После пристального изучения он позволил взгляду мазнуть по дымному неровному помещению. В дальнем углу сидел одинокий пьяница в тенях, растворявших его черты. Его осанка читалась даже в сумраке, и Цунгали не стал на нем задерживаться. За круглым столом посреди комнаты громко сидели четверо. Они казались гуртовщиками. В заплетающейся беседе их подпирали поношенная одежда и толстые башмаки. На кожаных крагах спеклась грязь, отваливаясь кусками у неповоротливых ног. Они провели за этим столом часы.
За стойкой навытяжку сидел высокий худой мужчина, изображая безразличие. Его узость и одеяние предполагали духовенство; его хребет был самым прямым предметом в зале. Потягивая прозрачную жидкость из стакана через длинный бамбуковый побег, он пил без рук, вяло обвисших по бокам. Он вперился перед собой в ряд бутылок за стойкой, чьи задние стороны отражались в зеркале, охватившем скособоченную комнату своим треснутым затуманенным оком. Выбеленное искаженное лицо мужчины плавало в расфокусе стекла. Кроме него присутствовали только кабатчик, хрипящий старик в задней комнате и дурковатый юнец с собакой.
В стойке у двери оружия не стояло, а значит, все его прятали на себе. Здесь не место для наготы, но Укулипсы с Цунгали не было. Она лежала в своих латунных ножнах высоко в листьях бамбуковой рощи патина металла совпадала с цветом шепчущей листвы; к тонкой закрепившей ее веревке привязан амулет невидимости. В этом окружении ему требовались спутники ближнего боя; в складках коленей ждал тупоносый бескурковый пистолет, а под мышкой висел длинный крис; под мостом был скрыт дополнительный арсенал.
Он прочел мужчин, затем изучил помещение, чтобы снять мерку боя или бегства, выходы и ракурсы возможного насилия. Черный ход, окно и открытый камин. На верхние этажи можно было попасть только по лестнице снаружи. Сидя, он проецировал на помещение бойню и перебирал сценарии защиты и нападения. Он не сомневался, что все остальные сделали или делают то же, кроме пса и старика, который дребезжал и метался в чужих снах.
Один из близнецов уловил вибрацию его прикрытых глаз и что-то пробормотал остальным. После уместной, но нелепой паузы Оссенти повернулся, притворяясь, что потягивается, склонив голову, чтобы глянуть прямо на тень Цунгали.
* * *
Шарлотте платили за то, чтобы она была под рукой пожизненным компаньоном своего соседа в восьмом аррондисмане. Эту обязанность она несла с пониманием и благодарностью, а также потому, что ее тянуло к дворнягам даже благородным.

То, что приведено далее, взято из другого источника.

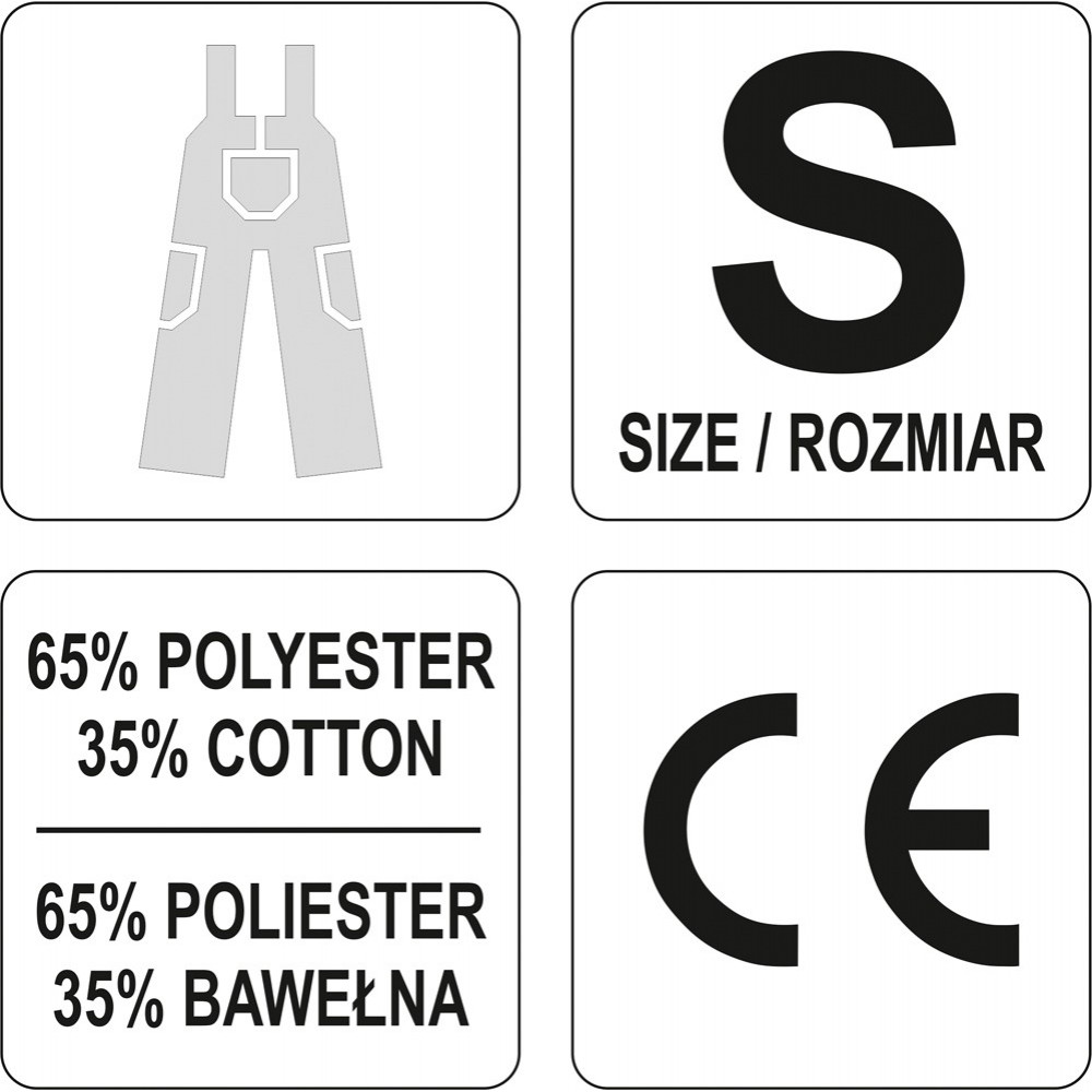 Рабочий полукомбинезон YT-8030 YATO соответствуют требованиям Регламента (ЕС) 2016/425 для рабочей одежды категории I.
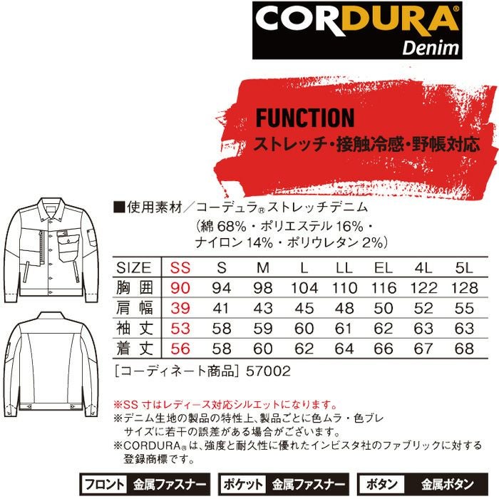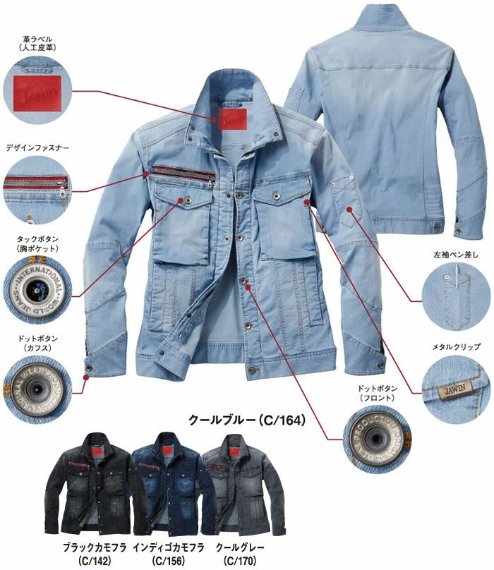他の画像を見る 自重堂 Jawin 接触冷感性・伸縮性・高強度のコーデュラデニムを使用したデニムシリーズ 57000 ストレッチ長袖ジャンパー 自重堂 Jawin 春夏作業服 作業着 SS~5L 綿68%・ポリエステル16%・ナイロン14%・ポリウレタン2% コーデュラストレッチデニム 無料刺繍 春夏 半額以下 メーカー希望小売価格 ¥ 10,780 のところ WEB特価 ¥ 4,950 税込 詳細を見る お気に入りに登録する

Его мать платила за внимание платила за все. Она знала о слабостях сына и кое-что о его гении. Она окружила его заботой, и любовь поглотила бы его полностью, не будь у нее в жизни другой любви. Той любовью был героин, и он решительно выигрывал во всех конфликтах эмоций и заботы. Так в дублеры матери наняли Шарлотту на роль видимого женского столпа, к которому Француза публично посадили на привязь. Так ему будет с чем бороться не внутри себя, а вне, и всегда будет куда вернуться, обо что почесаться и что оскорбить.

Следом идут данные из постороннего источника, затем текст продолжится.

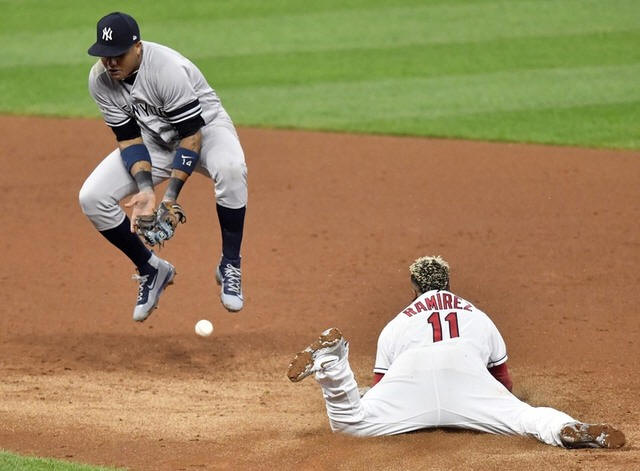 Indians third baseman Jose Ramirez (11) steals second base
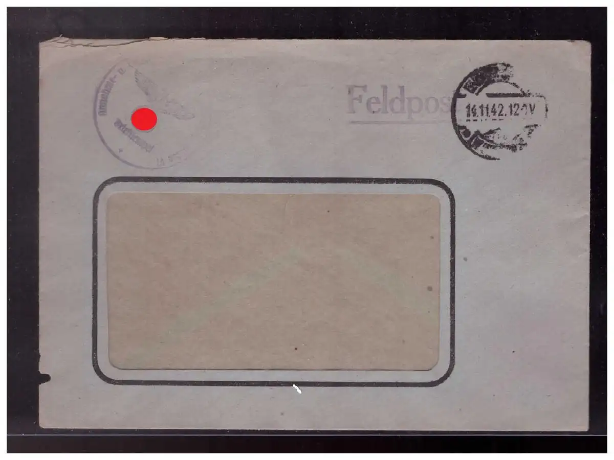Dt- Reich (023168) Feldpostfensterbrief mit geschwärzter Stempel -deutsch- gelaufen 11/ 42
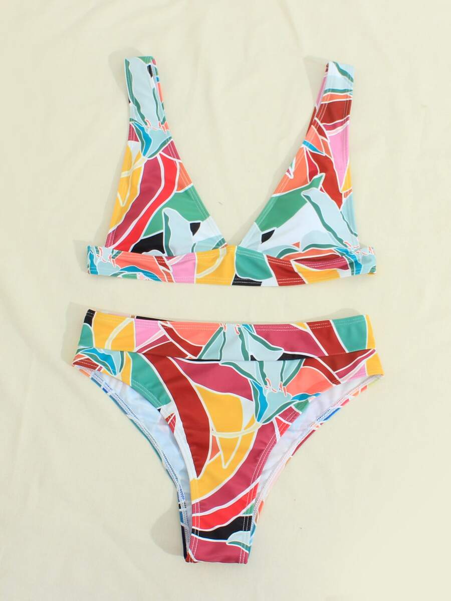 Random Color Block V Neck Bikini Set, For Summer Beach Vacation
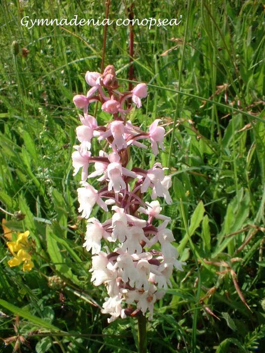 Synonyms Gymnadenia alpina (Turcz. ex Rchb.f.) Czerep. 1981; Gymnadenia anisoloba Peterm. 1849; Gymnadenia comigera Rchb. 1830; Gymnadenia conopsea f. albiflora Y.N.Lee 2002; Gymnadenia conopsea raçe alpina (Turcz. ex Rchb.f.) Rouy 1912; Gymnadenia conopsea subsp. serotina (Schönh.) Dworschak 2003; Gymnadenia conopsea var. alpina Turcz. ex Rchb.f. 1851; Gymnadenia conopsea var. serotina Schönh. 1850; Gymnadenia gracillima Schur 1871; Gymnadenia ibukiensis Makino 1912; Gymnadenia orchidis var. pantlingii Renz 2001; Gymnadenia ornithis L.C. Rich. 1818; Gymnadenia psuedoconopsea [Gren.] Rouy. 1912; Gymnadenia pyrenaica Giraudias 1882; Gymnadenia sibirica Turcz. ex Lindl. 1835; Gymnadenia splendida Dworschak 2002; Gymnadenia splendida subsp. odorata Dworschak 2002; Gymnadenia transsilvanica Schur 1866; Gymnadenia vernalis Dworschak 2002; Gymnadenia wahlenbergii Afzel. ex Rchb.f. 1851; Habenaria conopsea (L.) Benth. 1880; Habenaria conopsea Franc. 1881; Habenaria gymnadenia Druce 1897; Orchis conopea Gras 1862; Orchis conopea var. albiflora Tinant 1836; Orchis conopea var. major Tinant 1836; *Orchis conopsea Linne 1753; Orchis cornopica Mill. 1768; Orchis ornithis Jacq. 1774; Orchis peloria Foucault ex Poir. 1816; Orchis pseudoconopea Gren. 1869; Orchis pseudo-conopsea Gren. 1865; Orchis pseudoconopsea P.E.Parm. 1894; Orchis setacea Gilib. 1792; Orchis suaveolens Salisb. 1796; Satyrium conopseum (L.) Wahlenb. 1826

У Шарлотты было лицо, которое следовало любить. Ее ошеломительные глаза говорили все самое чуткое и чувствительное так, что смотреть больно. И взгляд подкрашивала боль боль не за себя, но за тех, кто вокруг, кто страдал и присасывался своим существованием к вечной печали. Она была сильна, потому что была тиха. Не безмолвна, а спокойна. Ее красотой была красота слуха и сила щедрости; в углях ее взгляда тлело знание больше, чем понимание. Она видела и чувствовала все, она отдавала больше любви, чем получала, больше, чем ей когда-либо платили. Это поддерживало жизнь в некоторых ее друзьях, особенно тех, кто родился с одной половиной души в лимбо: окоченевших, беспомощно блуждавших в бедности или богатстве навстречу гибели. Ее тянуло к ним, тянуло пролить свет на их безысходное путешествие. Они бы не смогли признаться, что вампирили ее спокойствие и стойкость, не могли бы показать, как изнывали по ней. Но все же были по-своему вечно признательны Шарлотте, даже преданны, особенно когда умирали по ту сторону своих гнева и отчаяния. Они слали обратно свои призрачные языки глубоководных океанских рыб, прозрачных и сияющих, чтобы часто шептать благодарности в ее давно оглохшие и уже мертвые уши.
* * *
Мейбридж ненавидел выдумку. Он не видел в ней смысла, когда столь силен и странен факт. Особенно он ненавидел выдумки о науке и открытиях. Обычно он брезговал подобными произведениями «литературы», но по какой-то причине люди без конца слали его неблагодарной персоне копии своих нелепых потуг в этой области. Они словно бы воображали, что между их фантазийным бумагомаранием и трудом его жизни трудом точности и гениальной изобретательности есть что-то общее, тем паче разжигая его презрение. В основном писанина шла из Франции очередная уважительная причина ей не доверять. Первым ему досадил Жюль Верн, а потом не заставили себя ждать подражатели. Мейбриджу пришлось стать экспертом в этом тривиальном вздоре и следить за ним, чтобы тот никогда не отразился на его репутации.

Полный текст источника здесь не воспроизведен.